What the exercise asks =
Restate each line below word for word, skipping every picture.
- Opening Delimiter -
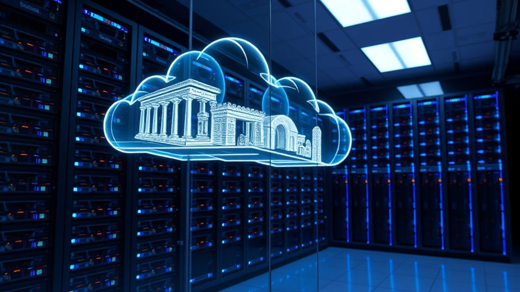 You might wonder if storing cultural heritage in the cloud truly safeguards it for future generations. While some argue that digital archiving risks losing authenticity, recent advances suggest cloud preservation can enhance accessibility and longevity. By embracing this technology, you help guarantee that history remains alive and reachable worldwide. So, consider that perhaps, rather than replacing traditional methods, cloud archiving complements them—making cultural preservation more resilient, inclusive, and future-proof.
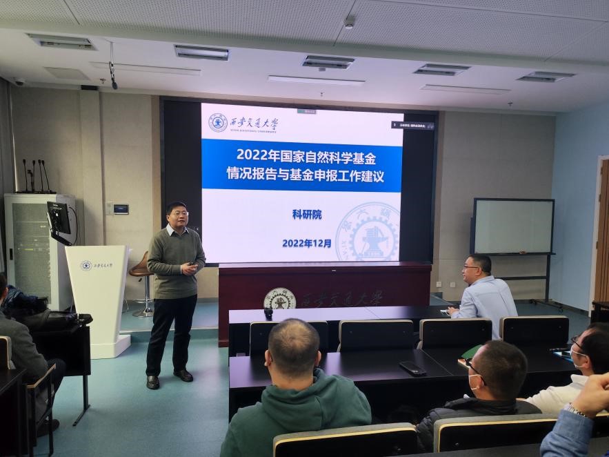 2022年自科基金的申报和获批情况,并对2023年国家自然科学基金的相关政策进行了解读,他从学院年度基金获批情况、十三五期间基金获批情况、十四五获批基金计划几方面进行综合分析,指出了下一步学院基金申报工作需要努力的方向。科研院基础与海外合作处主管何会针对申请书撰写过程中的科学问题属性等要点进行了详细讲解和说明。
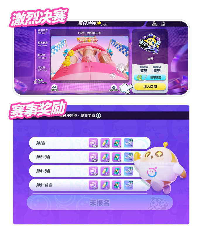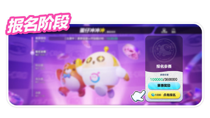 每周五18:00;19:00;20:00,赛事报名将错峰开启,在三个时段各有12万个名额,5级以上且达鹅蛋及以上蛋位的蛋仔,成功报名即可获取专属参赛卡~
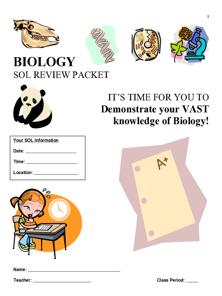 The Biology SOL Review Packet is a strategic educational tool designed to assist students in preparing for the Standards of Learning (SOL) assessments in biology, mandated in Virginia. Its primary purpose is to consolidate key biological concepts and skills through an organized framework, facilitating effective review and self-assessment.
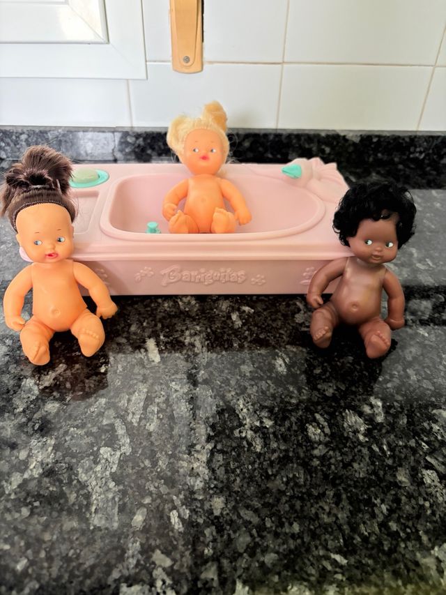 Vendo este lote compuesto por tres muñecas Barriguitas y una bañera de los años 80. Está todo en perfecto estado lo vendo como se puede apreciar en las fotos.
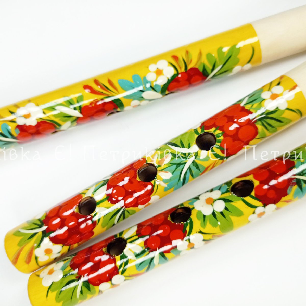 Сопілка мала 17 см "Яскрава петриківська по жовтому"
- Closing Delimiter -
Result for this exercise =
 You might wonder if storing cultural heritage in the cloud truly safeguards it for future generations. While some argue that digital archiving risks losing authenticity, recent advances suggest cloud preservation can enhance accessibility and longevity. By embracing this technology, you help guarantee that history remains alive and reachable worldwide. So, consider that perhaps, rather than replacing traditional methods, cloud archiving complements them—making cultural preservation more resilient, inclusive, and future-proof.
 2022年自科基金的申报和获批情况,并对2023年国家自然科学基金的相关政策进行了解读,他从学院年度基金获批情况、十三五期间基金获批情况、十四五获批基金计划几方面进行综合分析,指出了下一步学院基金申报工作需要努力的方向。科研院基础与海外合作处主管何会针对申请书撰写过程中的科学问题属性等要点进行了详细讲解和说明。
 每周五18:00;19:00;20:00,赛事报名将错峰开启,在三个时段各有12万个名额,5级以上且达鹅蛋及以上蛋位的蛋仔,成功报名即可获取专属参赛卡~
 The Biology SOL Review Packet is a strategic educational tool designed to assist students in preparing for the Standards of Learning (SOL) assessments in biology, mandated in Virginia. Its primary purpose is to consolidate key biological concepts and skills through an organized framework, facilitating effective review and self-assessment.
 Vendo este lote compuesto por tres muñecas Barriguitas y una bañera de los años 80. Está todo en perfecto estado lo vendo como se puede apreciar en las fotos.
 Сопілка мала 17 см "Яскрава петриківська по жовтому"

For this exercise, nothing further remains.